Could you tell me what is wrong :
1) error reporting in js.c OR
2) some internal code from SpiderMonkey ?
Thanks,
Silviu
Silviu Trasca wrote:
> Hope this time I provide you complete information.
> Thanks for your time,
> Silviu
>
> Spidermonkey source code:
> http://ftp.mozilla.org/pub/mozilla.org/js/js-1.5-rc6a.tar.gz
>
> I dug a litle bit in js sources and it seems that in this case
> "report->tokenptr" has a wrong value so that "n" (the count of bytes)
> goes over "report->linebuf" allocated area.
>
> [silviu@silviu js]$ valgrind --db-attach=yes js
> ==8195== Memcheck, a memory error detector for x86-linux.
> ==8195== Copyright (C) 2002-2005, and GNU GPL'd, by Julian Seward et al.
> ==8195== Using valgrind-2.4.0, a program supervision framework for
> x86-linux.
> ==8195== Copyright (C) 2000-2005, and GNU GPL'd, by Julian Seward et al.

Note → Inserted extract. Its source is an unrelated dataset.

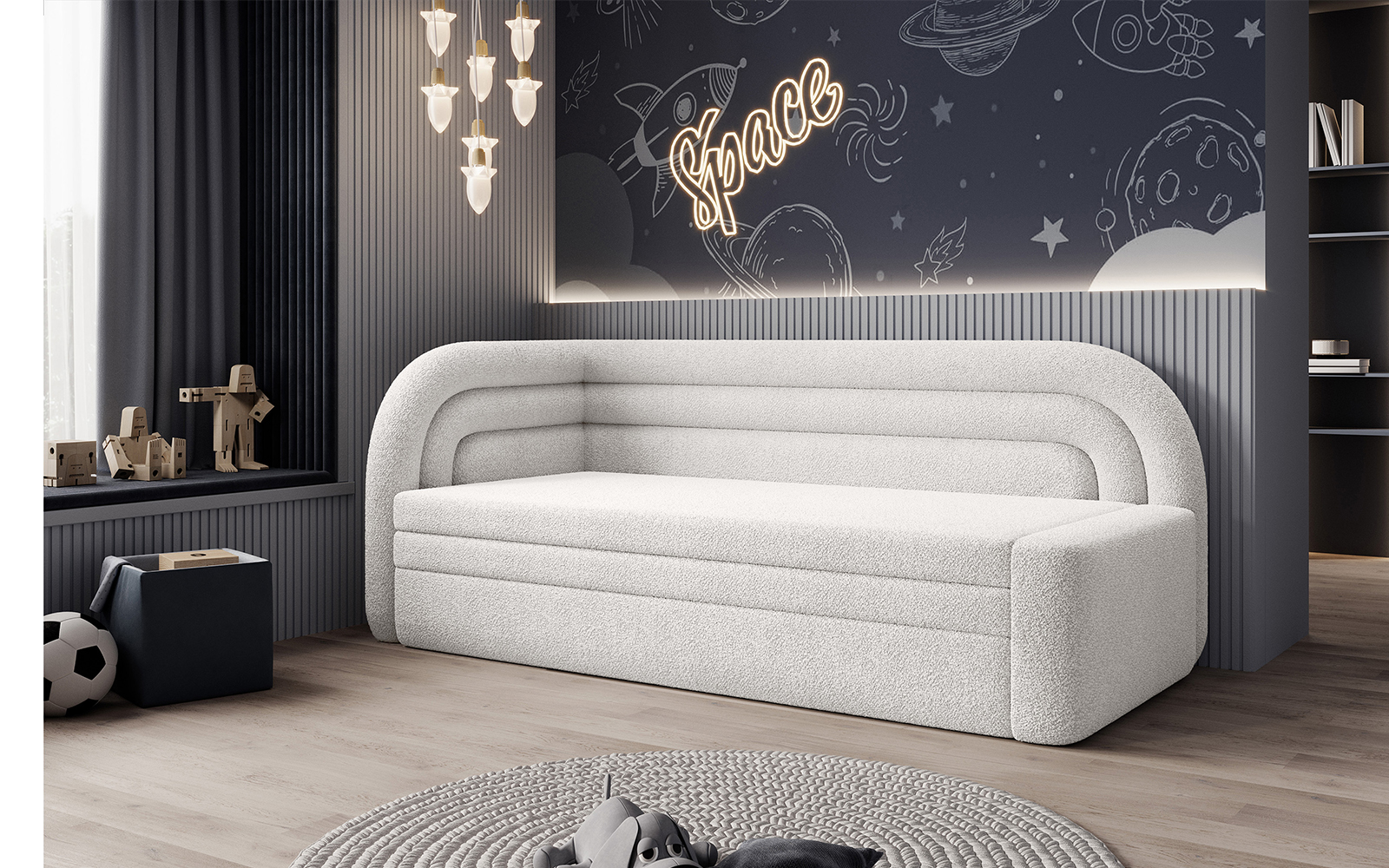 Filo nu oferă doar un aspect frumos, ci și o funcționalitate ridicată. Echipată cu un mecanism de pliere, permite transformarea rapidă într-un pat confortabil. Aceasta este soluția ideală pentru camere de oaspeți, camere de adolescenți sau camere pentru copii, unde fiecare metru pătrat de spațiu este valoros. Interiorul canapelei este umplut cu spumă poliuretanică de înaltă calitate, asigurând confort și ușurință în utilizare.

> ==8195== For more details, rerun with: -v
> ==8195==
> js>MM_preloadImages('/images/nav_catalog_f2.gif','/images/nav_new_f2.gif','/images/nav_acad_f2.gif','/images/nav_about_f2.gif','/images/top_contact_on.gif,'/images/top_booksellers_on.gif,'/images/top_map_on.gif,'/images/top_cart_on.gif,'/images/top_home_on.gif);
> 1: SyntaxError: unterminated string literal:
> 1: if);
> 1: ......==8195== Invalid read of size 1
> ==8195== at 0x804C216: my_ErrorReporter (js.c:1903)
> ==8195== by 0x805D66A: js_ReportErrorAgain (jscntxt.c:674)
> ==8195== by 0x8079493: js_ReportUncaughtException (jsexn.c:1073)
> ==8195== by 0x8054965: JS_CompileUCScriptForPrincipals (jsapi.c:3104)
> ==8195== by 0x80548E6: JS_CompileUCScript (jsapi.c:3082)
> ==8195== by 0x8054837: JS_CompileScript (jsapi.c:3052)
> ==8195== by 0x80496F1: Process (js.c:382)
> ==8195== by 0x8049CE6: ProcessArgs (js.c:568)
> ==8195== by 0x804C77A: main (js.c:2426)
> ==8195== Address 0x1B93D2EE is 0 bytes after a block of size 6 alloc'd
> ==8195== at 0x1B903298: malloc (vg_replace_malloc.c:130)
> ==8195== by 0x80CFAE2: js_DeflateString (jsstr.c:2805)
> ==8195== by 0x80CFE75: js_GetStringBytes (jsstr.c:2881)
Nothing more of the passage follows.